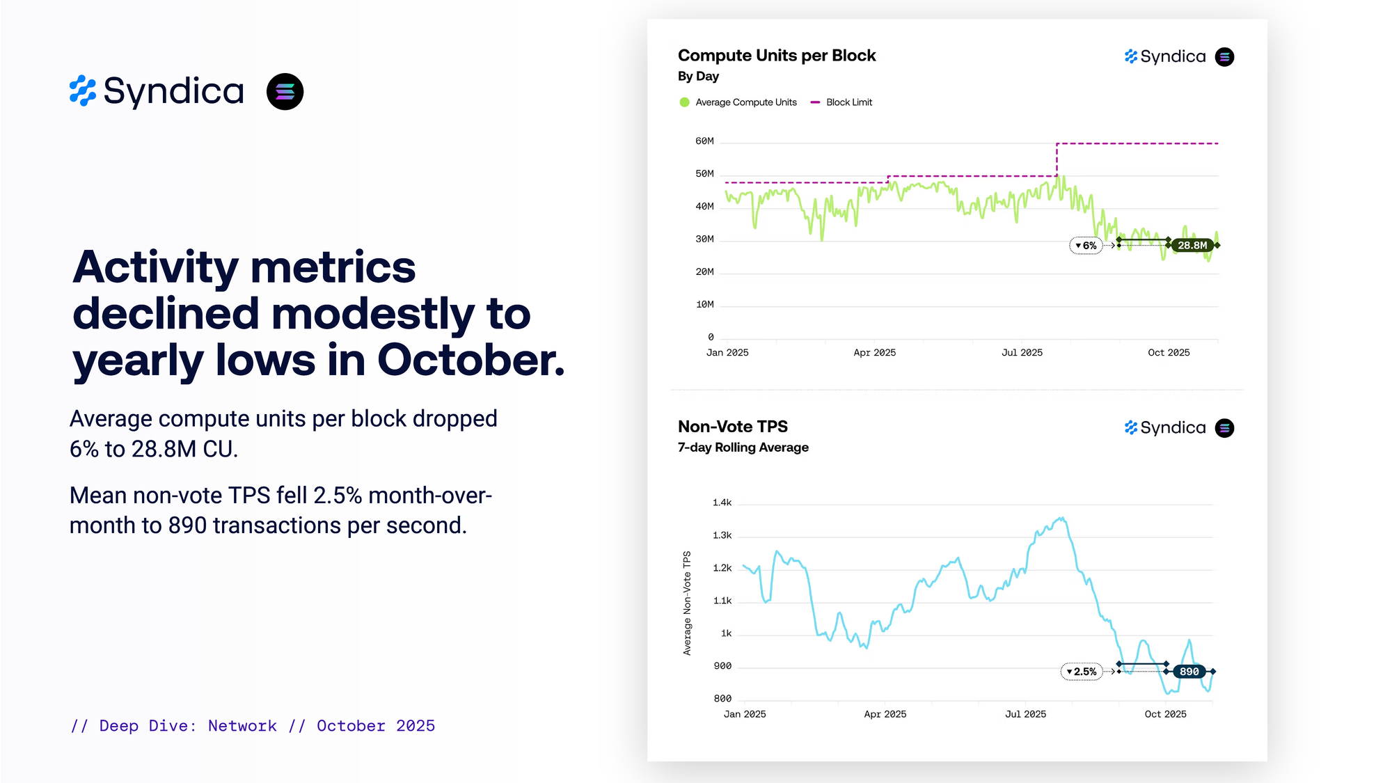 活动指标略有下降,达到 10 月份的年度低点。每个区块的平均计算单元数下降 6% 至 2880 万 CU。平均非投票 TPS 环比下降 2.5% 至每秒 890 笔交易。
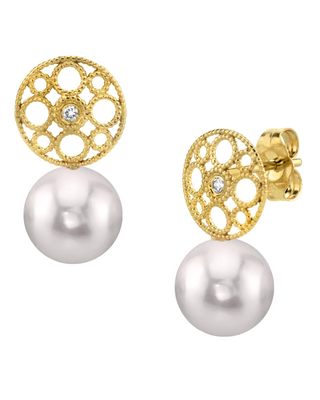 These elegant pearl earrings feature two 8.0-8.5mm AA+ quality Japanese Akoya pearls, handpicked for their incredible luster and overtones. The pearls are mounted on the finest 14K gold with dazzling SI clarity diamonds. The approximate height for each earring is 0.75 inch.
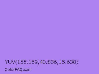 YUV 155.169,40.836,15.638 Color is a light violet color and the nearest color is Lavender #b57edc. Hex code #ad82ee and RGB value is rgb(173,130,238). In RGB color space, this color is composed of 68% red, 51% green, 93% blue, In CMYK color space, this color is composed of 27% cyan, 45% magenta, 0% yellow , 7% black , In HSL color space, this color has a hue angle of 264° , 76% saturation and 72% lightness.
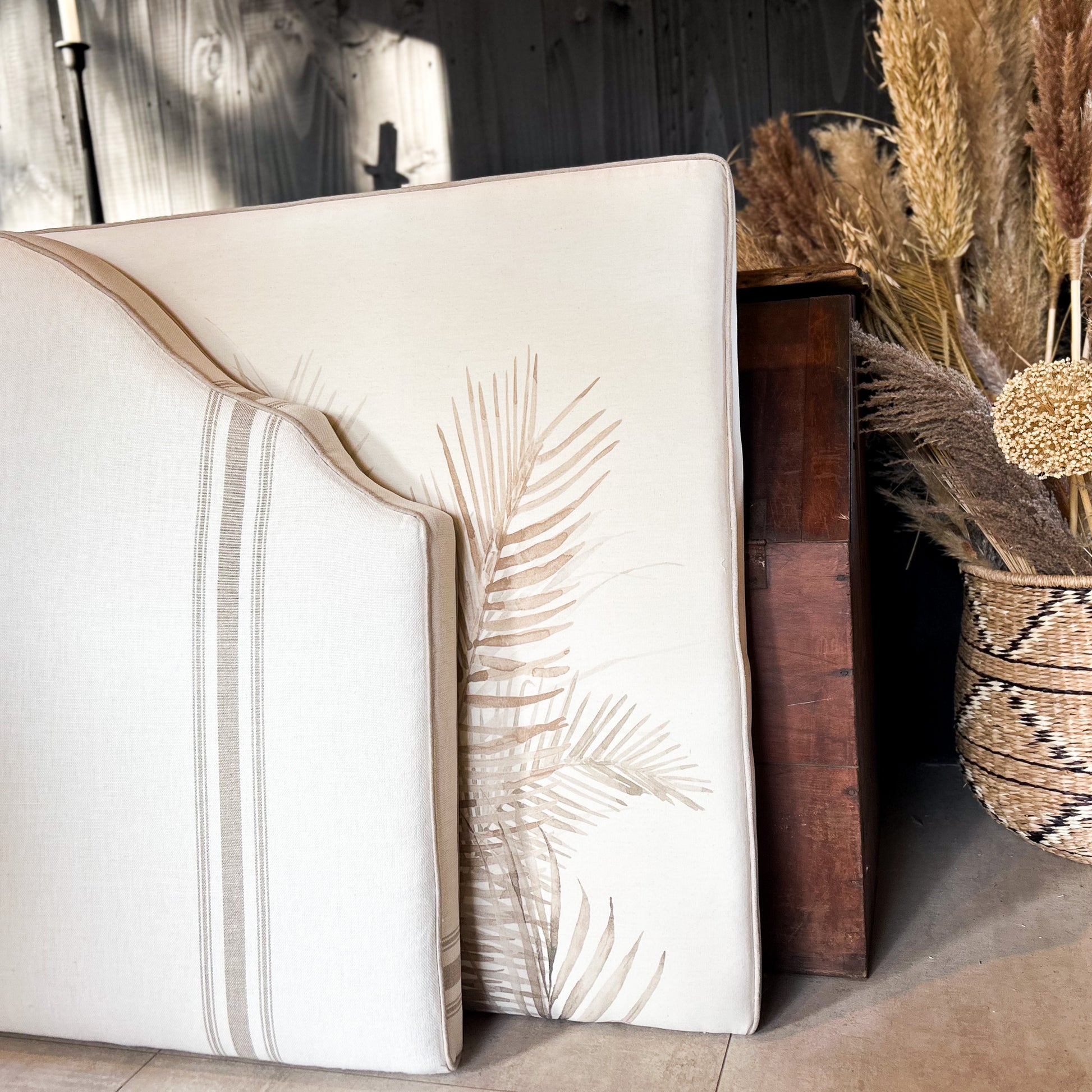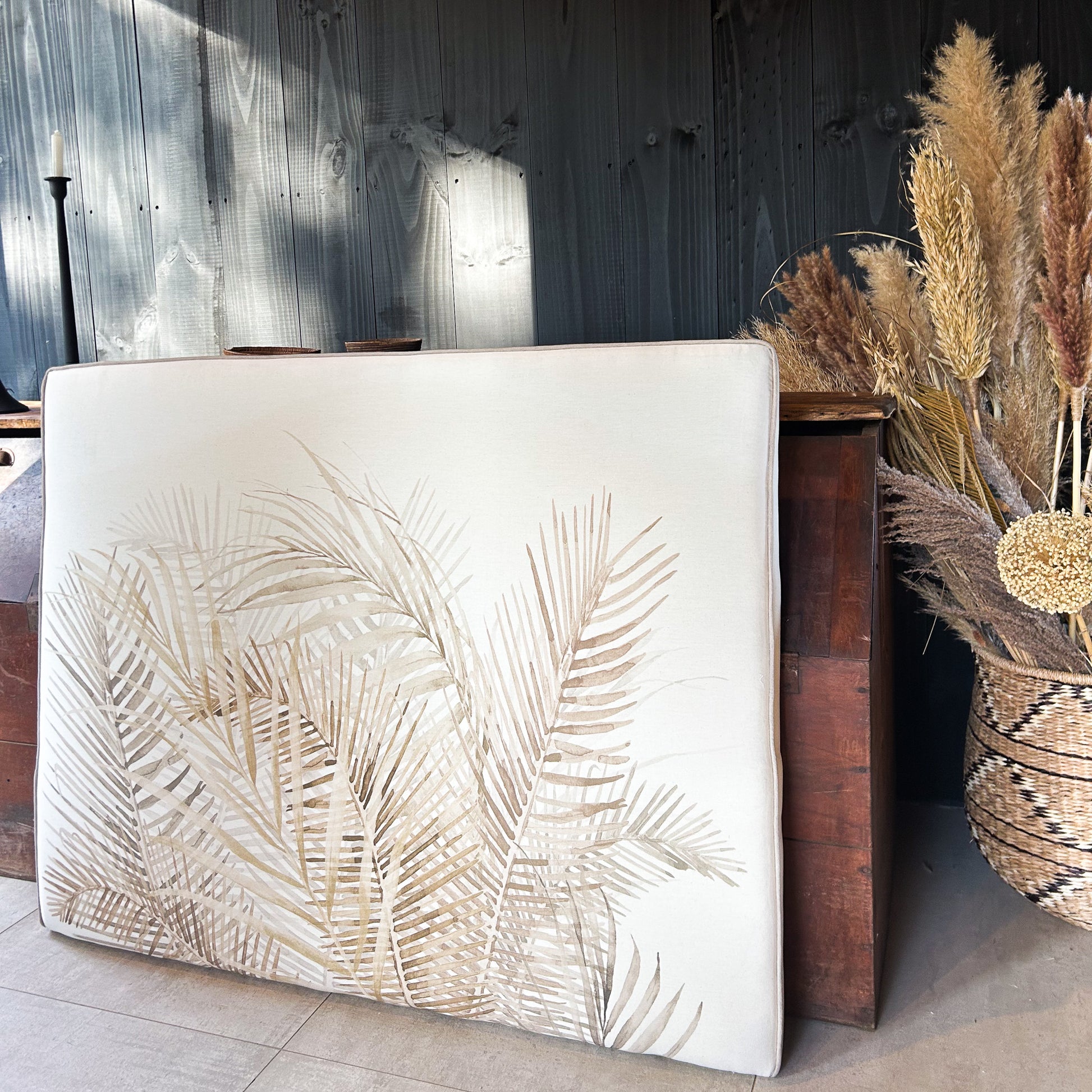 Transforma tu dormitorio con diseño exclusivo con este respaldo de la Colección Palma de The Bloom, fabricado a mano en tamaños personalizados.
...
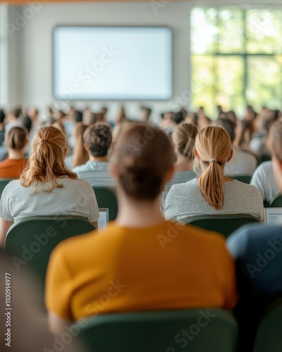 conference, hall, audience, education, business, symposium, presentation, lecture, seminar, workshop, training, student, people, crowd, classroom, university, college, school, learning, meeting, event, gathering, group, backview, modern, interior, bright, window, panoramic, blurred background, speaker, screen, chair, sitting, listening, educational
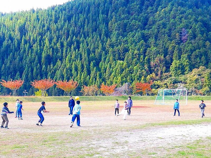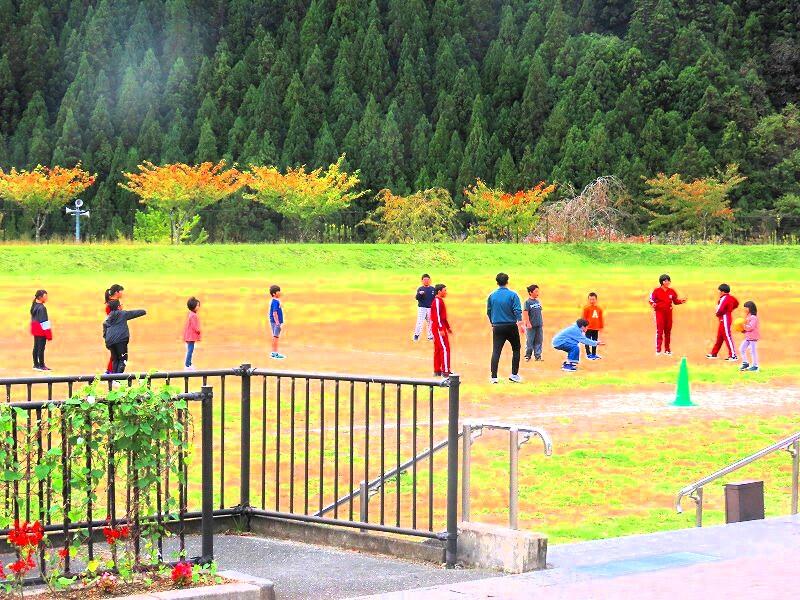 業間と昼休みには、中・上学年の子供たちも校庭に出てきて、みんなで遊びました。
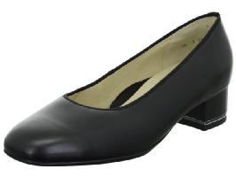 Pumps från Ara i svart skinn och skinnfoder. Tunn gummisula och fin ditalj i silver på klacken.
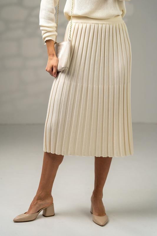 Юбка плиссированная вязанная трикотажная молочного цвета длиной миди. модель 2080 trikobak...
---
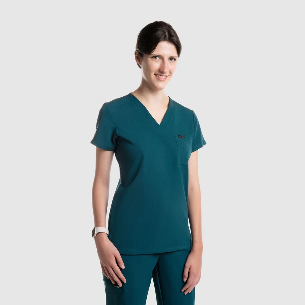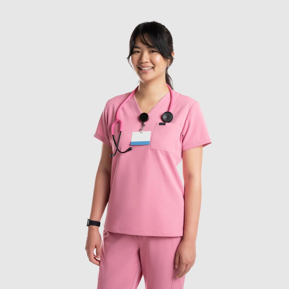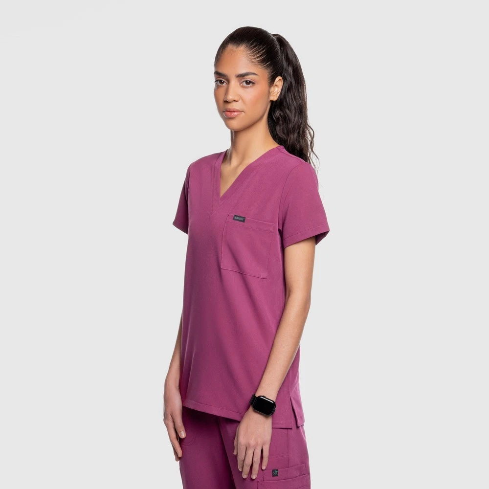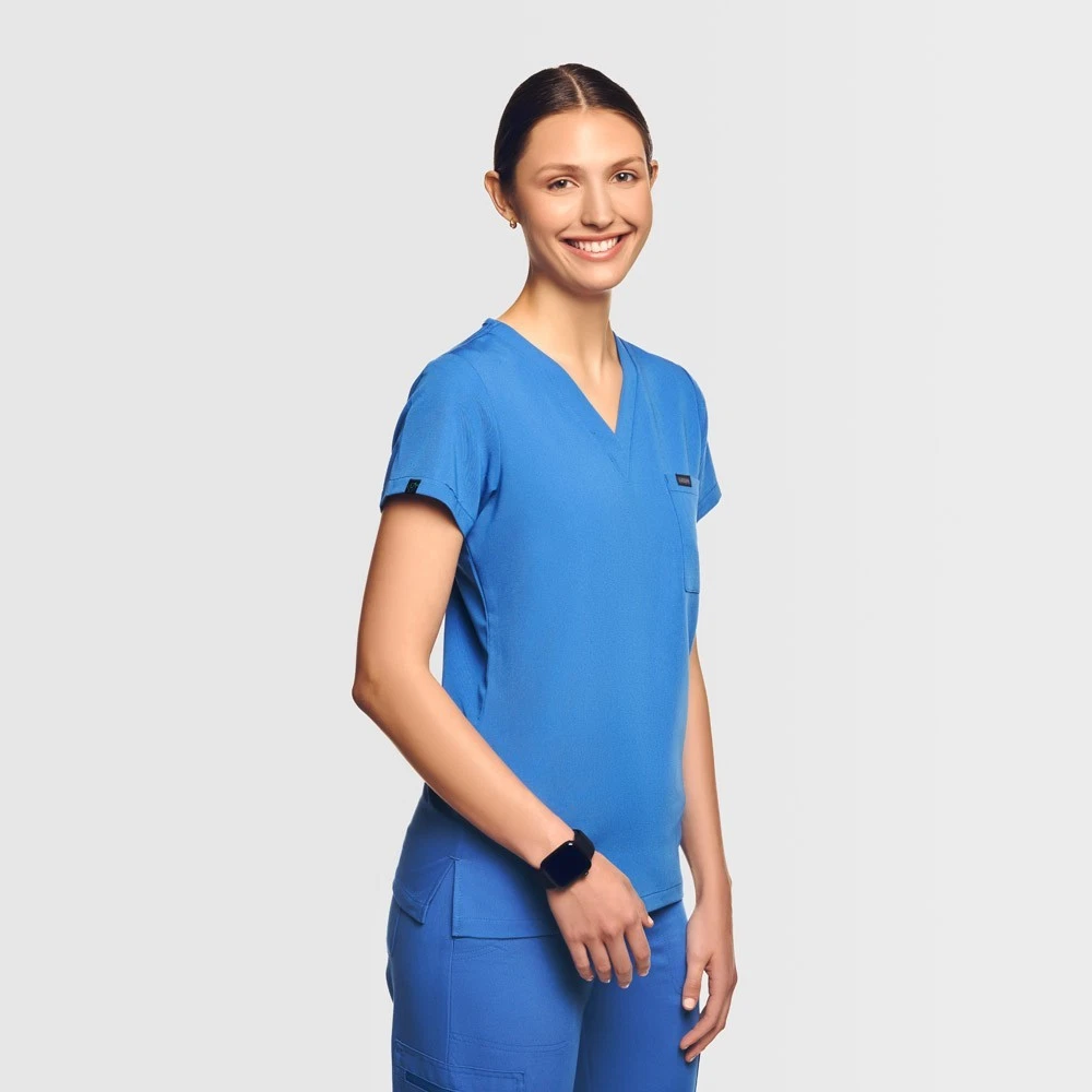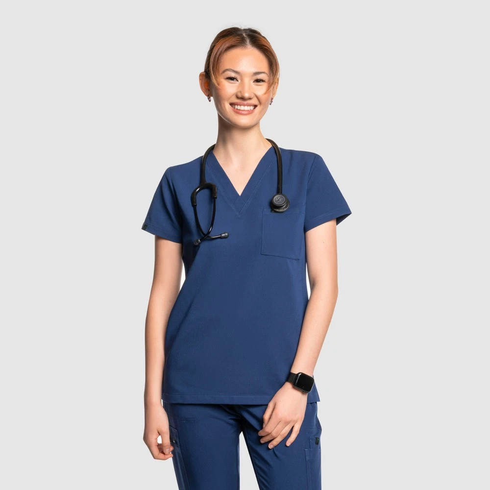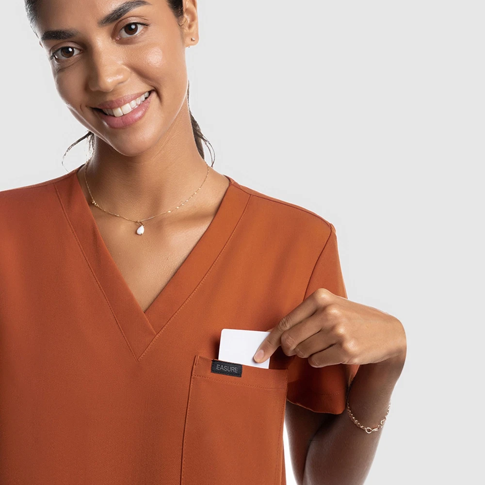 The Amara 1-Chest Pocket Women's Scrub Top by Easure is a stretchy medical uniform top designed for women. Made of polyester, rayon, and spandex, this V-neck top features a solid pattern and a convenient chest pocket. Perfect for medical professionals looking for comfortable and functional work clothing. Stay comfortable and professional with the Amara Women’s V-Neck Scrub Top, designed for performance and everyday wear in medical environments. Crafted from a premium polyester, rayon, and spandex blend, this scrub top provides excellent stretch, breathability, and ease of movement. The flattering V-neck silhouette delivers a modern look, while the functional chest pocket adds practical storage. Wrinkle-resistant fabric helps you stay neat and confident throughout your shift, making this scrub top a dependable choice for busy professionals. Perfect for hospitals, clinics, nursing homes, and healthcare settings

Problem details | Start with the line above containing "YUV 155.169,40.836,15.638 Color" and end with the line containing "Transforma tu dormitorio". Set down that stretch exactly, without any pictures.

Output for this exercise |
 YUV 155.169,40.836,15.638 Color is a light violet color and the nearest color is Lavender #b57edc. Hex code #ad82ee and RGB value is rgb(173,130,238). In RGB color space, this color is composed of 68% red, 51% green, 93% blue, In CMYK color space, this color is composed of 27% cyan, 45% magenta, 0% yellow , 7% black , In HSL color space, this color has a hue angle of 264° , 76% saturation and 72% lightness.
 Transforma tu dormitorio con diseño exclusivo con este respaldo de la Colección Palma de The Bloom, fabricado a mano en tamaños personalizados.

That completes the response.